- **Information shown**

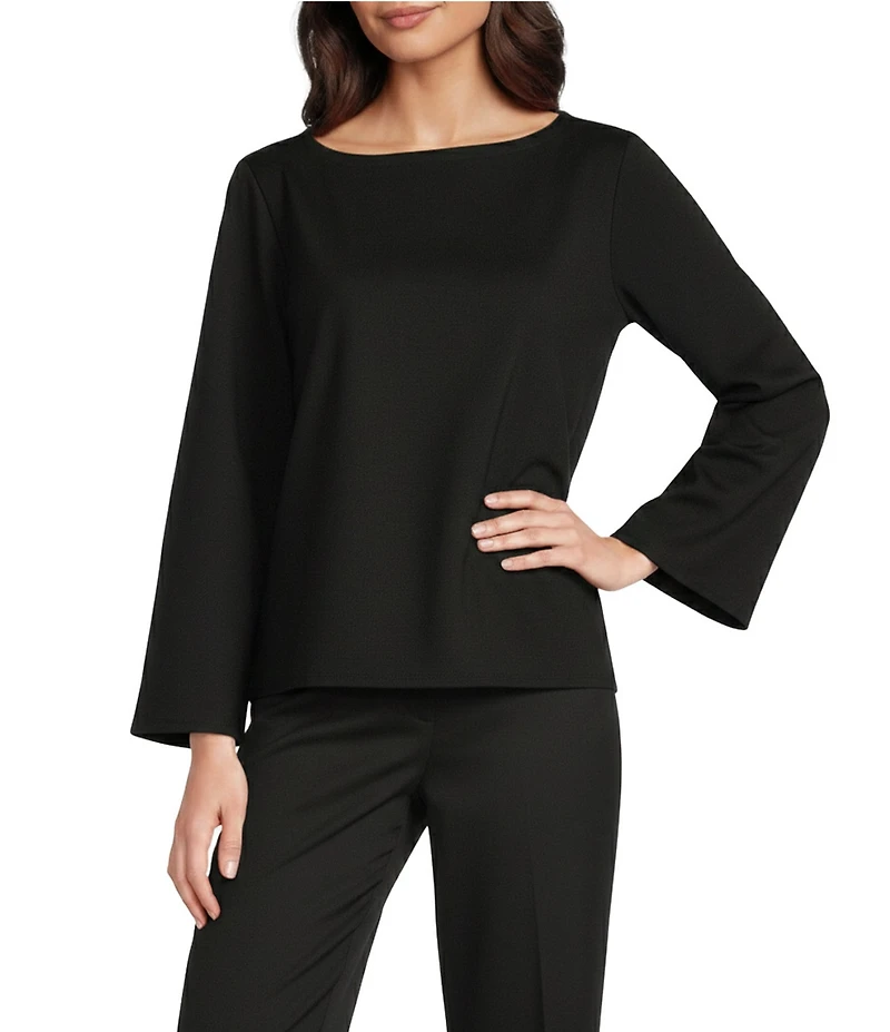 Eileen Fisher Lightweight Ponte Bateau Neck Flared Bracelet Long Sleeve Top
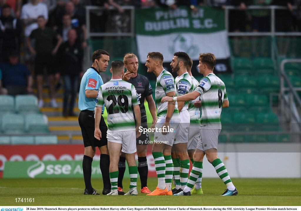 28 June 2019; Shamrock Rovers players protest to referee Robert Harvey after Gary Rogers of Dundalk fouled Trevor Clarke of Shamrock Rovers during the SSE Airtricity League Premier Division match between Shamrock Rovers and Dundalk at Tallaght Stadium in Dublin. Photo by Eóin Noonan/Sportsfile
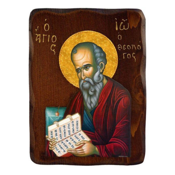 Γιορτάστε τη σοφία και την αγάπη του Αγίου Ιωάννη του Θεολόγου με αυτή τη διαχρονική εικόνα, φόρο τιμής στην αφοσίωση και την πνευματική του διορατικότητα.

...

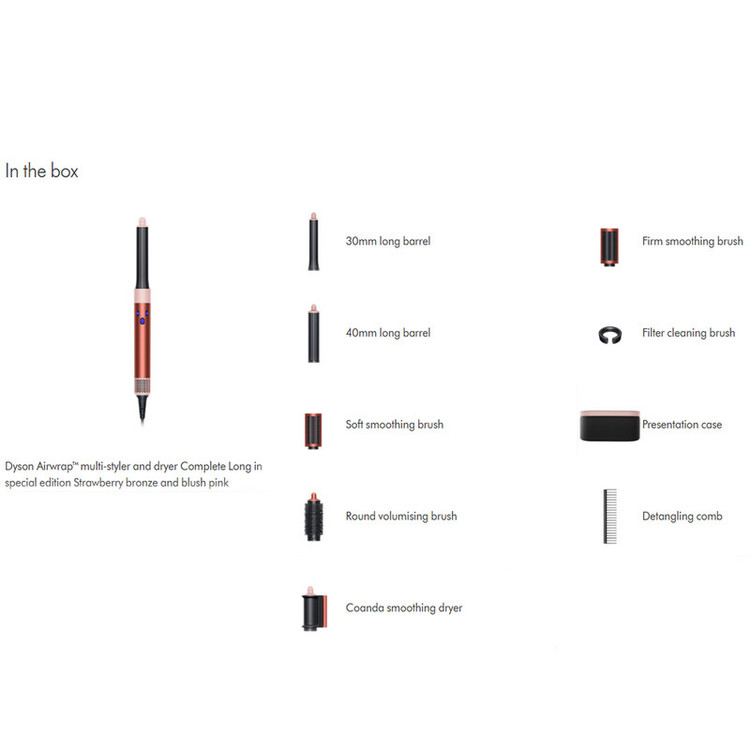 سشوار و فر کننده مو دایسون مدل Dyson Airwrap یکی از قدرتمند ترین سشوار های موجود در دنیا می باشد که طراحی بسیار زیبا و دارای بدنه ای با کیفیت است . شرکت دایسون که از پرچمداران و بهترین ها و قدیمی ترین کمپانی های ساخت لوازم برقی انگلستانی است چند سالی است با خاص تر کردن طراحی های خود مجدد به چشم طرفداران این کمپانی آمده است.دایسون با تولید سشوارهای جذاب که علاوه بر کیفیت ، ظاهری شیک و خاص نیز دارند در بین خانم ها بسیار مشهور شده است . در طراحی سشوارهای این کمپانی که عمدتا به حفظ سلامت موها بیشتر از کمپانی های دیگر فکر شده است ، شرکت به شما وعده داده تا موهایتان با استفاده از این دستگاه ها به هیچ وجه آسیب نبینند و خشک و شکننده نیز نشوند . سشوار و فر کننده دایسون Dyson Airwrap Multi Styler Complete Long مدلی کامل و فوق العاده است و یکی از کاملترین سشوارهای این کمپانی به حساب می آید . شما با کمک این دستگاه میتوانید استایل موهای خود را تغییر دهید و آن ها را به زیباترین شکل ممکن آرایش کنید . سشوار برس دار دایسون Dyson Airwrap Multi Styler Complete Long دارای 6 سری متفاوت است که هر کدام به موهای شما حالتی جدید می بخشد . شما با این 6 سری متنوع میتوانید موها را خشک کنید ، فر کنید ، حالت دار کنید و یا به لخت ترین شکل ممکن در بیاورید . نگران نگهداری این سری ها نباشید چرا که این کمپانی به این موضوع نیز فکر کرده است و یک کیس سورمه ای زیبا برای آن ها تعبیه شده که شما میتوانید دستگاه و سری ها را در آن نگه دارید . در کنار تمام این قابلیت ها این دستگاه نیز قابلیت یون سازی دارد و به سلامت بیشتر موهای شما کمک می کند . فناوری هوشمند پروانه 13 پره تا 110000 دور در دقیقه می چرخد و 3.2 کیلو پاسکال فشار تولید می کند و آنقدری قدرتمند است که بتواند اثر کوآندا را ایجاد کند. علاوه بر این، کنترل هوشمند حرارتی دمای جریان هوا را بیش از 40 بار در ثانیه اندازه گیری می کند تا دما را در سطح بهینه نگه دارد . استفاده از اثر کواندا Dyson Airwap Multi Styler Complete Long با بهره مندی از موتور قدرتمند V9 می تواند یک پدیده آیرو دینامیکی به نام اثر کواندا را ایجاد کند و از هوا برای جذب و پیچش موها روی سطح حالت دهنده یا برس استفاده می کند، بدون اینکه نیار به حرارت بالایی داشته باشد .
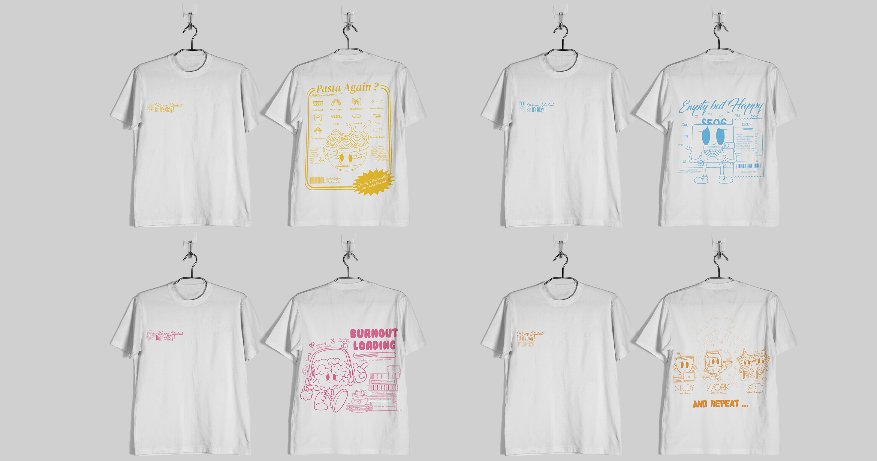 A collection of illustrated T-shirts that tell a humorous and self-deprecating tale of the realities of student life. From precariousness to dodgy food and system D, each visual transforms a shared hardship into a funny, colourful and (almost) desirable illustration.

- **What you are asked to do**
Retype only the lines above from the one with "Eileen Fisher Lightweight" through the one with "Γιορτάστε τη σοφία", exactly and with both ends. Images stay out.

- **Output for this task**
 Eileen Fisher Lightweight Ponte Bateau Neck Flared Bracelet Long Sleeve Top
 28 June 2019; Shamrock Rovers players protest to referee Robert Harvey after Gary Rogers of Dundalk fouled Trevor Clarke of Shamrock Rovers during the SSE Airtricity League Premier Division match between Shamrock Rovers and Dundalk at Tallaght Stadium in Dublin. Photo by Eóin Noonan/Sportsfile
 Γιορτάστε τη σοφία και την αγάπη του Αγίου Ιωάννη του Θεολόγου με αυτή τη διαχρονική εικόνα, φόρο τιμής στην αφοσίωση και την πνευματική του διορατικότητα.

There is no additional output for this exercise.